Adiponectin has antidiabetic properties (18–21). It activates insulin receptor substrate-1 (IRS-1)-mediated phosphatidylinositol-3 kinase (PI-3K) and glucose uptake in skeletal muscle cells (18,20,21), enhances muscle β-oxidation via the activation of AMP-kinase (21), and suppresses hepatic glucose production (19,21). Adiponectin exhibits antiatherogenic effects in tissue cultures (14,22–24). Adiponectin suppresses monocyte adhesion to endothelial cells by reducing the nuclear factor-κB (NF-κB) signaling and the mRNA expression of adhesion molecules in endothelial cells (14,22). Adiponectin inhibits foam cell formation from macrophages by reducing the expression of class A macrophage scavenger receptor and lipid accumulation (23). It also suppresses the proliferation and migration of vascular smooth muscle cells by reducing the effects of various growth factors, including platelet-derived growth factor (PDGF)-AA, PDGF-BB, and heparin-binding epidermal growth factor (HB-EGF), on the cells (24). In apolipoprotein E-deficient mice, infection of adenovirus-expressing human adiponectin ameliorates atherosclerosis (25). Finally, adiponectin deficiency in knockout mice causes diet-induced insulin resistance and diabetes and increases neointimal thicking in the arterial wall by mechanic injury (20,26,27).
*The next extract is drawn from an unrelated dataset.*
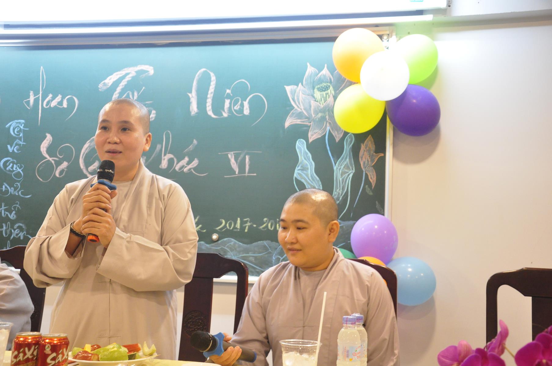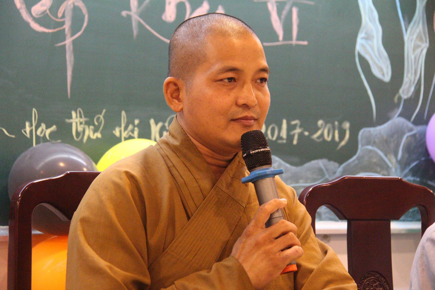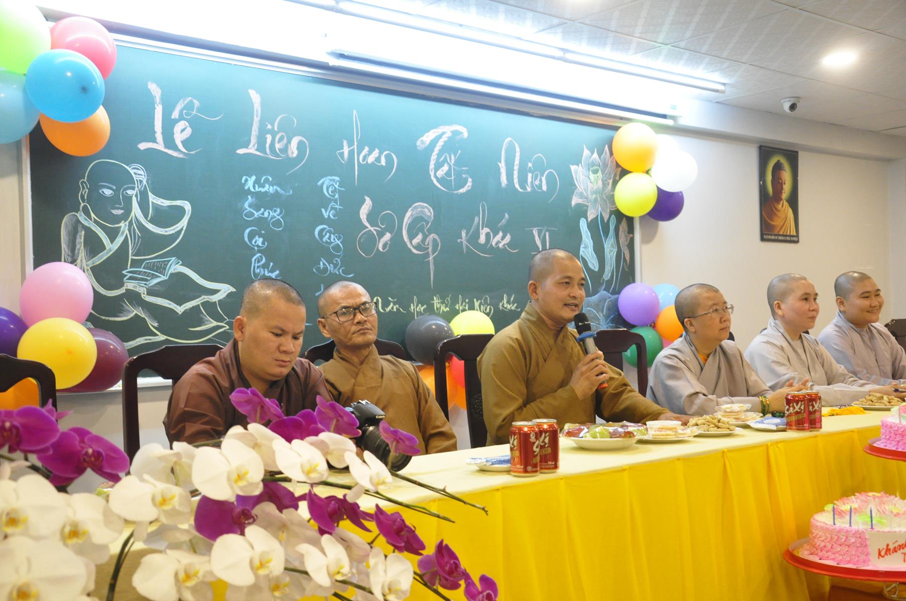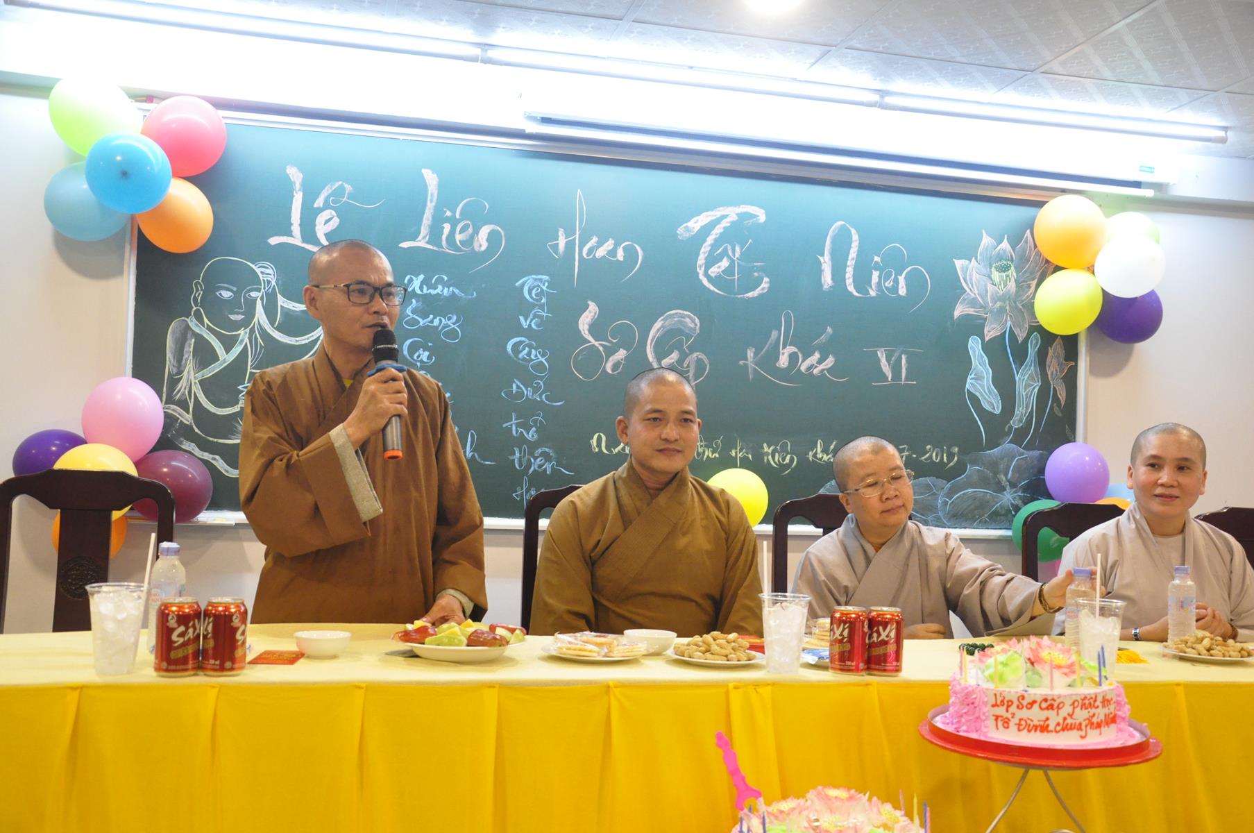 Đại đức Thích Lệ Duyên, Chánh Thư ký-Trưởng ban Phật giáo Quốc tế Ban trị sự GHPGVN tỉnh Long An, Phó trưởng ban trị sự GHPGVN liên huyện Đức Hòa-Đức Huệ- Chủ nhiệm Lớp Sơ cấp Phật học tỉnh Long An thay mặt chư tôn đức Ban Chủ nhiệm đã có lời huấn từ vô cùng cao quý, Đại đức khen ngợi về tinh thần tri ân và báo ân của tất cả Tăng Ni sinh “Thầy mong mỏi Tăng Ni sinh ý thức nhiều hơn nữa trong việc tu học và hành trì, với những kiến thức cơ bản học được ở Lớp Sơ cấp sẽ là nền tảng vững chắc cho Tăng Ni sinh trên con đường học Phật phía trước.Chúng ta đã đi hết 3/4 đoạn đường chỉ còn một học kỳ nữa là đã hoàn thành xong 2 năm học Sơ cấp, các Tăng Ni sinh sẽ bước lên một thềm thang mới với những kiến thức rộng hơn và với những Thầy Cô và những người bạn mới. Với Thầy cũng như quý chư tôn đức trong Ban Chủ nhiệm, chư tôn đức giáo thọ sư không mong đợi ở những món quà bên ngoài mà sẽ vô cùng hoan hỷ khi được nhìn thấy những người học trò của mình ngày một lớn hơn, trưởng thành hơn, ý thức trách nhiệm về bổn phận của người xuất gia có đầy đủ nhân cách đạo đức, biết khiêm cung, lễ phép, hiểu được giá trị của việc xuất gia là vô cùng cao thượng. Thầy mong sẽ được nhìn thấy các Tăng Ni sinh trong hình ảnh của những vị Tăng vị Ni trẻ năng nỗ, hy sinh, cống hiến góp phần tích cực phụng sự vào ngôi nhà Phật pháp”.

Adiponectin supplement completely reverses the diabetic and atherosclerotic phenotypes of the knockout mice (20,26).
These observations implicate that hypoadiponectinemia is a precedent pathological condition for the development of obesity-related metabolic syndrome including insulin-resistant diabetes and atherosclerosis. Therefore, the therapy that can increase the production and secretion of adiponectin should be useful to treat metabolic syndrome.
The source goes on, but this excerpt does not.